US State Revenues Up 3.9 Percent
December 1, 2010 Taxation in USA
State tax revenues across the USA rose by an overall figure of 3.9 percent in the last quarter, becoming the third consecutive quarter of growth.
On November 30th the Nelson A. Rockefeller Institute of Government released its latest quarterly report on state tax revenues across the USA. According to the release, overall tax revenues in the July-to-September quarter rose by 3.9 percent, if compared to the same period in 2009. Even in inflation-adjusted terms, revenues were still up by 2.6 percent for the quarter against the previous year.
The latest quarter’s revenue results represent the third consecutive period of improved tax collection results in the USA, with similar growth levels being unseen since the fourth quarter of 2007. According to the preliminary tax data in the report, the overall personal income tax revenue figure for the surveyed states rose by 4.7 percent. The revenues from sales taxes grew by 4.1 percent. However, corporate income tax collections contracted for the 5 quarter in a row, with a current rate of 2.5 percent.
Data was made available on the tax revenues from 48 states, with 42 showing revenue growth. North Dakota had the greatest revenue growth figure, at 29.5 percent. Alaska reported the greatest revenue drop, at an overall figure of 48.1 percent. Hawaiian tax revenues fell by 13.6 percent, the second most significant in the country, due heavily to an 85.9 percent drop in corporate income tax.

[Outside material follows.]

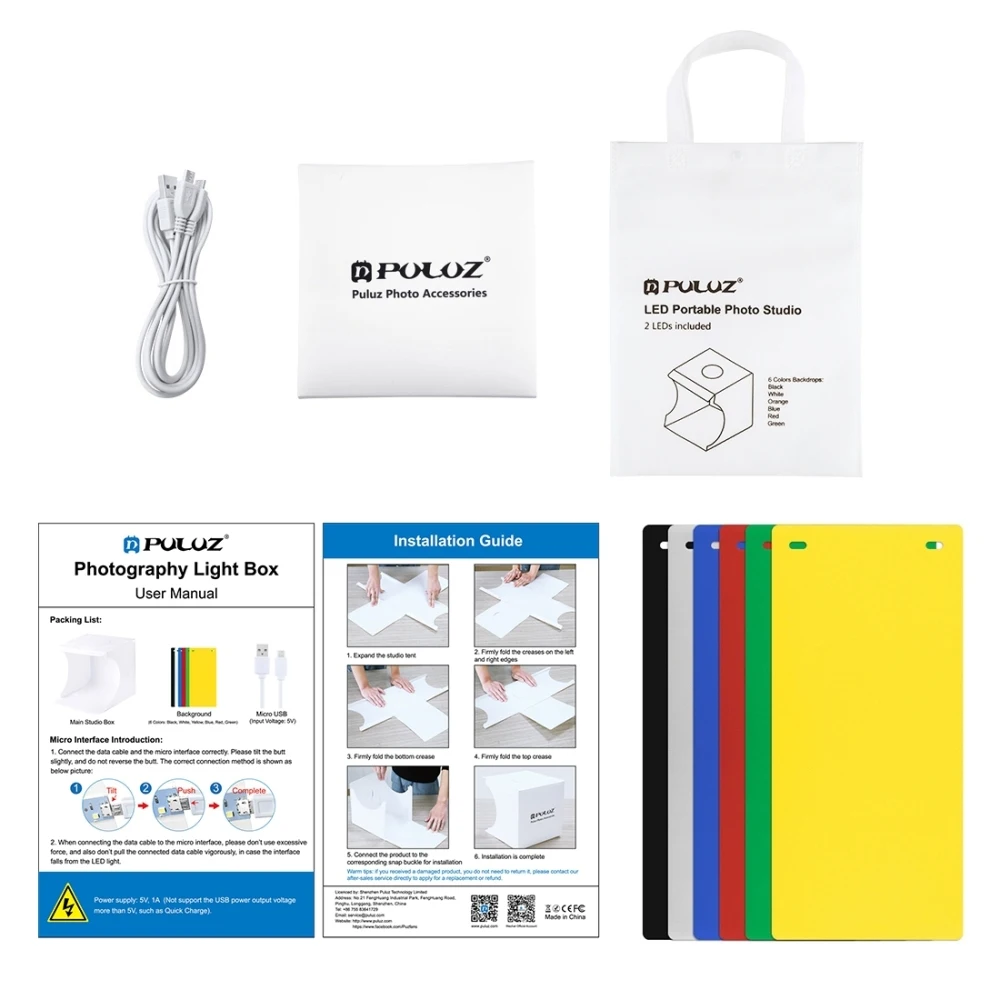 Складной светильник вой короб PULUZ, 20 см, 25 см, 30 см, световой мини-короб для фотостудии, световой короб для студийной фотосъемки, комплект из 6 фонов

The report explained that the increasing revenue figures can be attributed to revised state tax regulations, which are explicitly increasing collections. However, the Institute’s research indicates that the growth can also be partially attributed to a slowly recovering economy. While the latest revenue figures are an improvement over those recorded for the year 2009, the report still warns that USA state governments can expect to face continued budgetary challenges and pressure. The report also says that state revenue figures are still far below pre-recession years, and will likely stay low for years to come.